──────── Entries provided

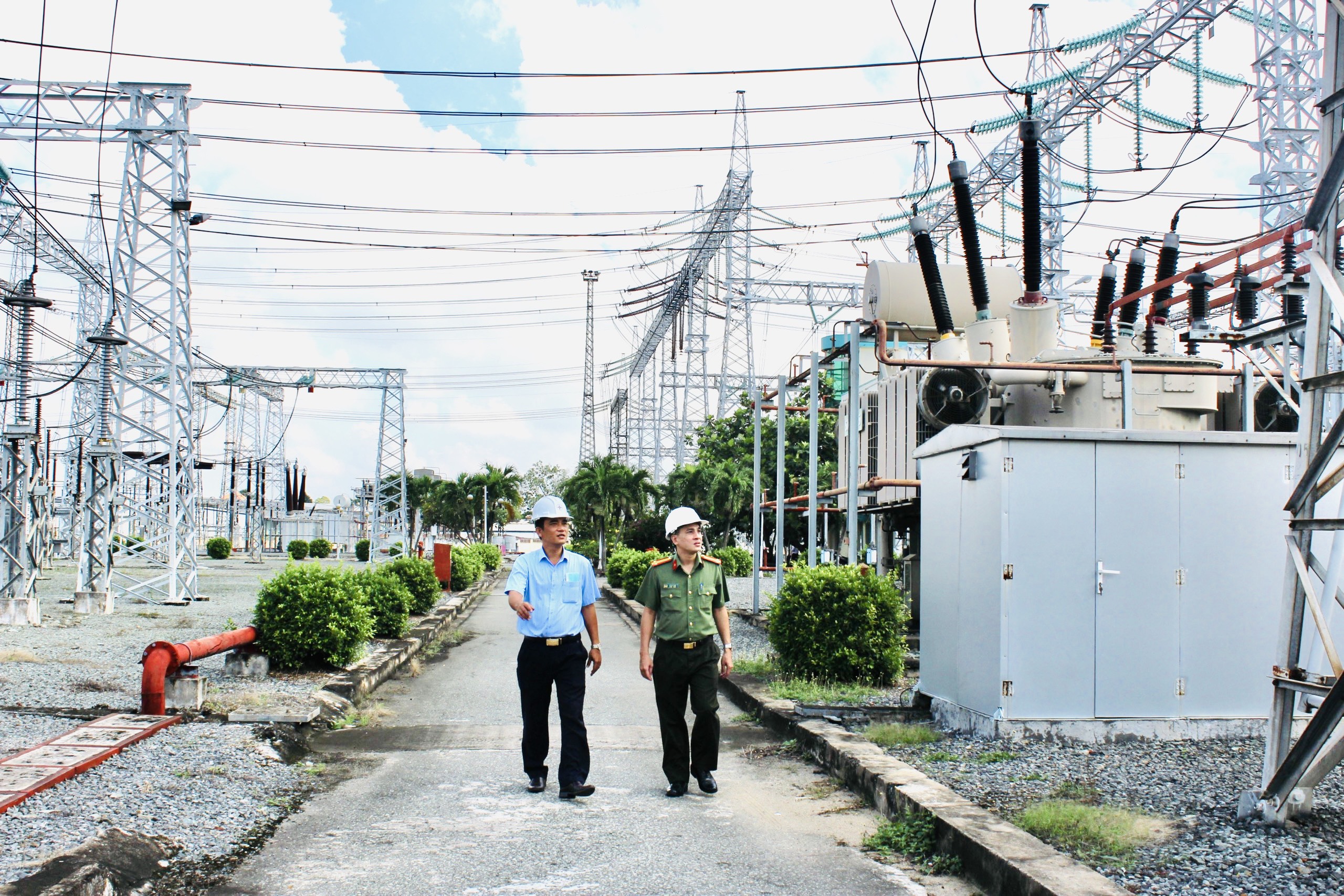 Đại diện phòng An ninh Kinh tế - Công an Thành phố Hồ Chí Minh kiểm tra phương án đảm bảo cung cấp điện trong dịp lễ Quốc khánh 02/9/2022 tại Trạm biến áp 500kV Phú Lâm
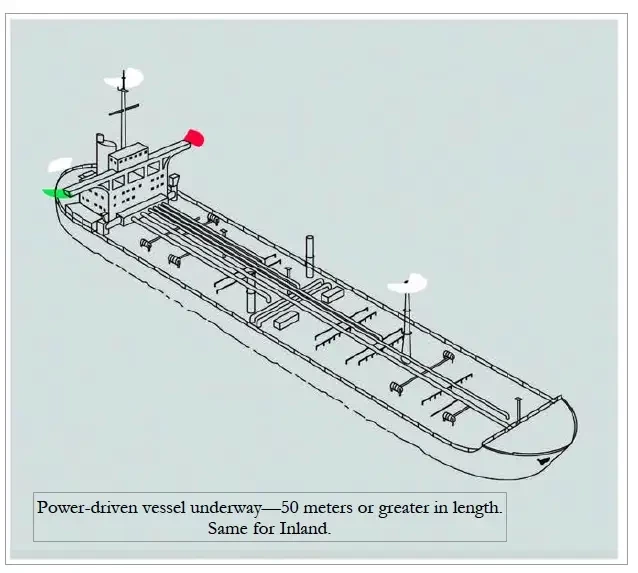 (Прим.: попробуйте мысленно развернуть рисунок, и вы поймете, что если два белых топовых огня — один ниже другого — находятся на одной линии друг над другом, и при этом видны одновременно зеленый и красный бортовой огонь, то это значит, что встречное судно движется точно тебе в лоб.)
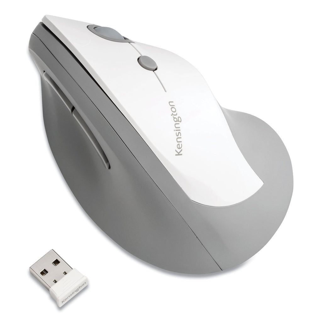 Contoured, natural (46.7°) slope keeps the wrist in a neutral handshake position, eliminating soft tissue compression. Extended lip for the little finger provides complete support for smoother, larger muscle group movement. Fully-featured mouse with scroll wheel, left, right, forward, back, and DPI (800/1000/1200/1600) buttons. Simply plug in the nano receiver for plug and play wireless connectivity up to 65.61 ft. Low battery indicator let's you know when it's time to change the battery, so you're never caught off guard. One AA battery lasts up to a year. Nano receiver conveniently stores inside mouse when not in use.
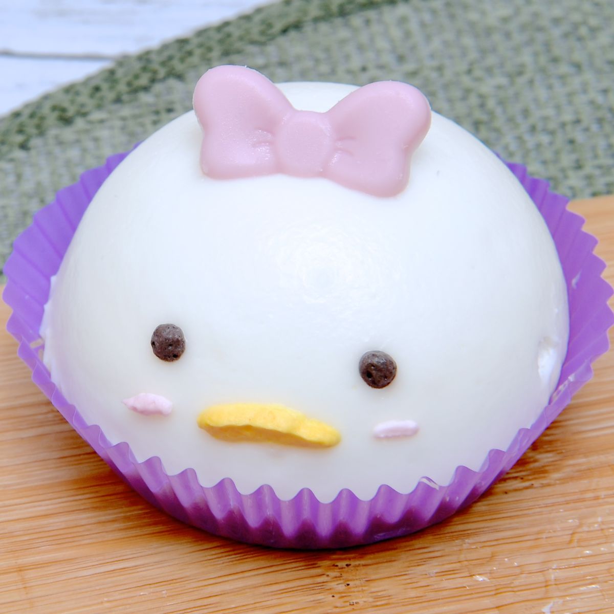 ころんとしたデイジーダックモチーフのケーキ。チョコレートのかわいいリボンがのっています。
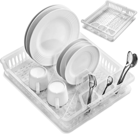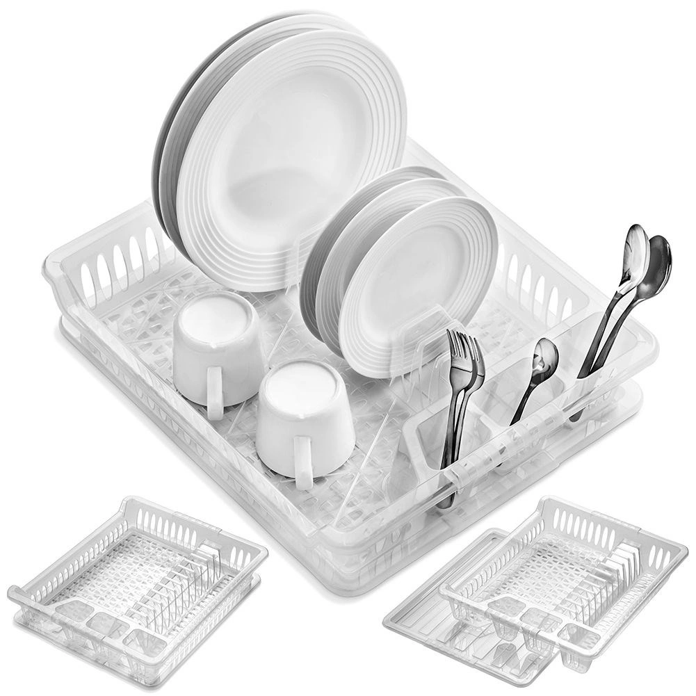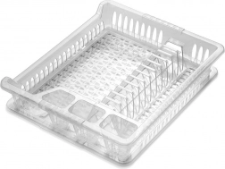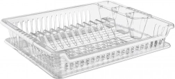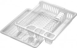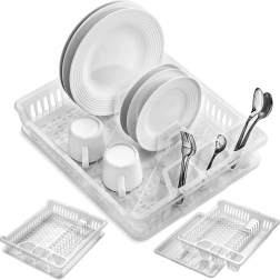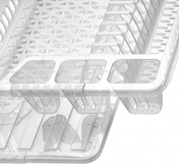 Kompaktowy ociekacz na naczynia z wysokiej jakości półprzezroczystego plastiku z wyjmowaną tacą ociekową. Oferuje miejsce na 12 talerzy, przestrzeń na kubki i miski oraz 3 przegródki na sztućce. Utrzymuje blat kuchenny czysty i suchy, jest łatwy do umycia i pasuje do nowoczesnych oraz klasycznych kuchni.
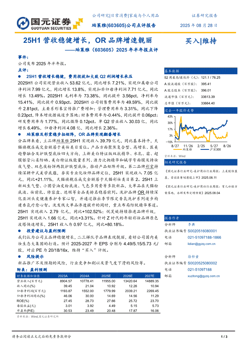 珀莱雅:国元证券-珀莱雅-603605-2025年半年报点评:25H1营收稳健增长,OR品牌增速靓丽-250828
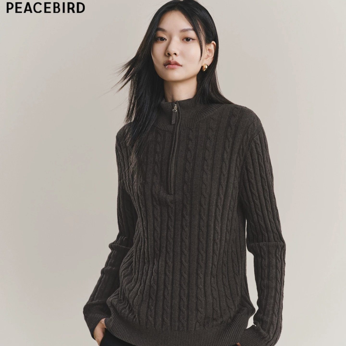 太平鸟羊绒混纺半开襟绞花半高领针织衫
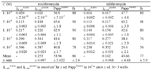 Table 2: Passive flux, active efflux, passive permeability and extrapolated maximal absorption in humans of telithromycin and roxithromycin calculated in transport studies across Caco-2 monolayers in concentration equilibrium conditions.

────────────────

* **Problem description**
Give the data again exactly. Keep the images out.

* **Finished exercise**
 Đại diện phòng An ninh Kinh tế - Công an Thành phố Hồ Chí Minh kiểm tra phương án đảm bảo cung cấp điện trong dịp lễ Quốc khánh 02/9/2022 tại Trạm biến áp 500kV Phú Lâm
 (Прим.: попробуйте мысленно развернуть рисунок, и вы поймете, что если два белых топовых огня — один ниже другого — находятся на одной линии друг над другом, и при этом видны одновременно зеленый и красный бортовой огонь, то это значит, что встречное судно движется точно тебе в лоб.)
 Contoured, natural (46.7°) slope keeps the wrist in a neutral handshake position, eliminating soft tissue compression. Extended lip for the little finger provides complete support for smoother, larger muscle group movement. Fully-featured mouse with scroll wheel, left, right, forward, back, and DPI (800/1000/1200/1600) buttons. Simply plug in the nano receiver for plug and play wireless connectivity up to 65.61 ft. Low battery indicator let's you know when it's time to change the battery, so you're never caught off guard. One AA battery lasts up to a year. Nano receiver conveniently stores inside mouse when not in use.
 ころんとしたデイジーダックモチーフのケーキ。チョコレートのかわいいリボンがのっています。
 Kompaktowy ociekacz na naczynia z wysokiej jakości półprzezroczystego plastiku z wyjmowaną tacą ociekową. Oferuje miejsce na 12 talerzy, przestrzeń na kubki i miski oraz 3 przegródki na sztućce. Utrzymuje blat kuchenny czysty i suchy, jest łatwy do umycia i pasuje do nowoczesnych oraz klasycznych kuchni.
 珀莱雅:国元证券-珀莱雅-603605-2025年半年报点评:25H1营收稳健增长,OR品牌增速靓丽-250828
 太平鸟羊绒混纺半开襟绞花半高领针织衫
 Table 2: Passive flux, active efflux, passive permeability and extrapolated maximal absorption in humans of telithromycin and roxithromycin calculated in transport studies across Caco-2 monolayers in concentration equilibrium conditions.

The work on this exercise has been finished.